With the cost of eligible collateral pledged to clearing houses rising – due to the shortage of collateral, cash and non-cash – banks will have no choice but to start charging customers a proper price for rental of their balance sheet, for collateral transformation and upgrade. Maybe not from day one in January 2013, because some banks may still be pricing for market share, but soon, surely?

As the market matures, price-cutters will inevitably withdraw from loss making ventures, and the price of OTC deals to the buy-side will inexorably rise to reflect the true cost. Buyers of OTC hedges will surely be more circumspect about the deals they place as a result.

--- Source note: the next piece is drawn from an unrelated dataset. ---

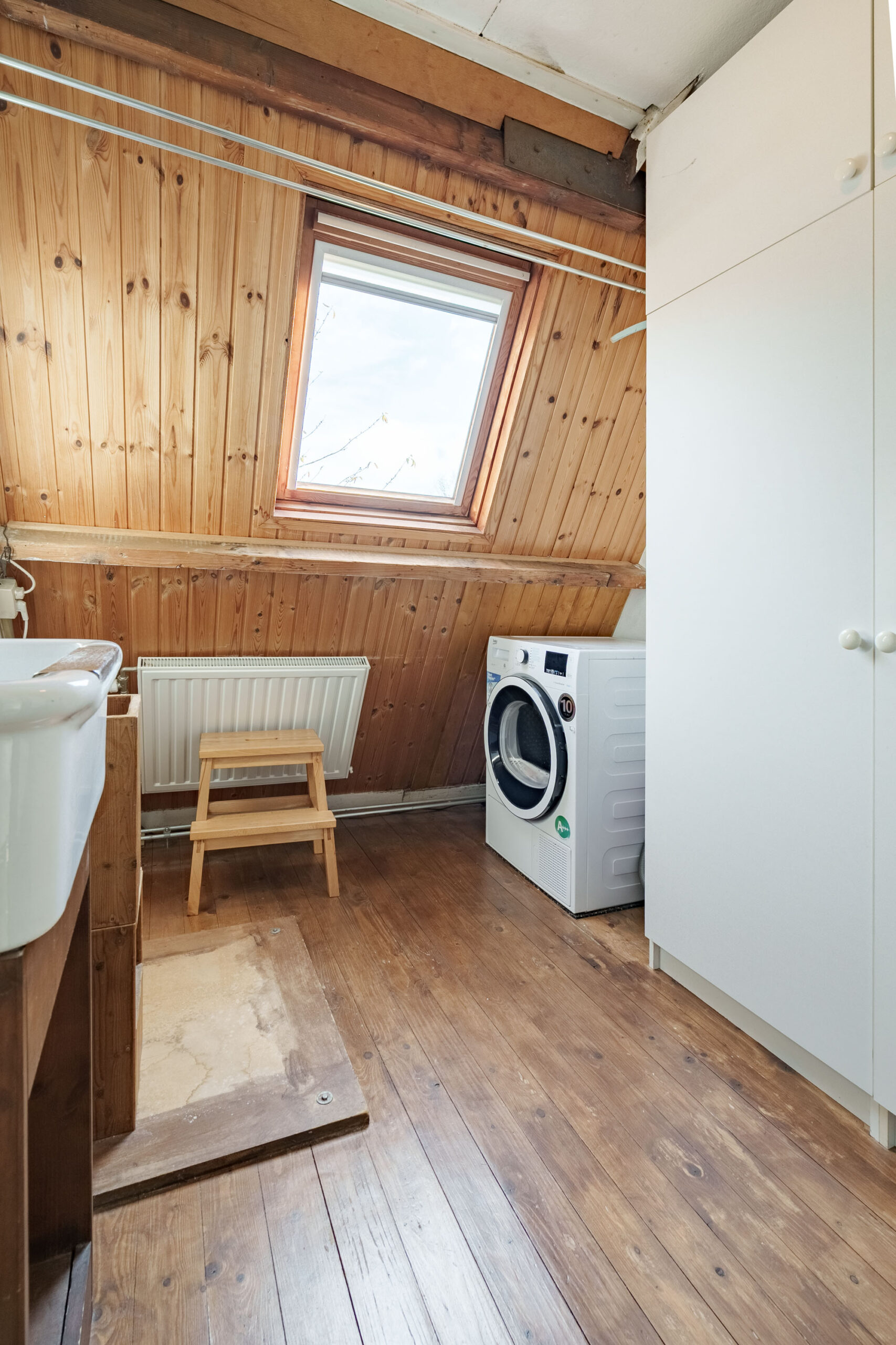 Eerste verdieping: Royale overloop met toegang tot vier ruime slaapkamers, waarvan twee met wastafel en drie met vaste kast. De badkamer beschikt over een inloopdouche, wastafel en een separaat toilet. Ook bevindt zich hier een wasruimte met wastafel en aansluiting voor wasapparatuur. Via een luik met vlizotrap is de bergvliering bereikbaar.
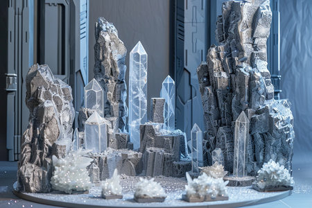 dazzling crystal formations in different shapes and dimensions, forming an enchanting design idea for wallpapers and prints

There will be fewer deals made, and only for risks really worth hedging – given the higher cost threshold. Volumes will fall.

That might be okay if spreads remain fat. But at the same time as volumes fall, spreads will be squeezed as prices become discoverable and transparent on SEFs. That’s a tough combination.

Is there money to be made?

Yes. But only with volume. And only with uber-STP, no-touching-the-sides, zero-ops infrastructure.

Who can afford that? Not many. Numerous firms will have no choice but to invest in client clearing just to protect the customer franchise. 

Will they make money? Hmmm. What do you think?